DO YOU drag yourself to the twatting gym only to find it’s full of twats using all the twatting equipment? Use our comprehensive spotters’ guide to gym wankers:

The bodily fluid dispenser

Perspiration is to be expected when working out, but this freely sweating arsehole fountains sweat, spit and tears wherever they go.

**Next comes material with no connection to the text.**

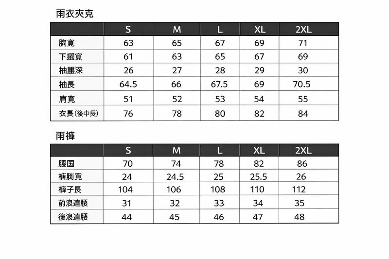• 二件式套裝(雨衣 + 雨褲)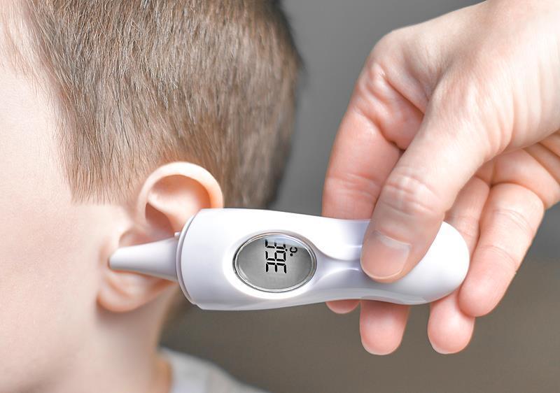 耳温式体温计通过接收被测物体红外波段的热辐射强度,来确定其温度。耳温计的测温度数可能会受到环境温度和耳道干净程度的影响。耳温计的测温速度极快,读数方便。

Really the cross-trainer should be burned after they’ve used it, but you’ve been queuing for 20 minutes.

The water fountain goblin

Or there’s their opposite, the obnoxious shithead who believes they’re the only person in the gym getting a bit dehydrated and puts their entire gob over the spigot. Then fills their bottle. Then drains their bottle and fills it again. And they’ll be back.

Grunty

The shit dance-pop soundtrack of the gym wouldn’t be complete without the anguished cries of some prick keen to emphasise just how hard he’s pushing himself. It’s a pisstake when it’s a pro tennis player, never mind a middle manager from Nantwich trying to beat his PB of nine push-ups in a row.

The phoner

There’s nothing like waiting for an elliptical being used by someone going about two rotations a minute while simultaneously chatting loudly on the phone to their shit-thick colleague and picking which gym selfie to upload to Insta next. Fitness goals, yeah?

The competitive companion

Scientists have yet to pinpoint the DNA sequence that causes a stranger to check how fast you’re going on the exercise bike and go twice as fast, but hopefully it will be cleansed from the gene pool via natural selection.

The free personal trainer

Did you know that every time a woman joins a gym, she’s randomly assigned a male stranger who will try to improve her form? Try and enjoy the treadmill with some six-foot hunk of meat breathing down your neck. You’d run better if you released some tension by stamping on his nuts.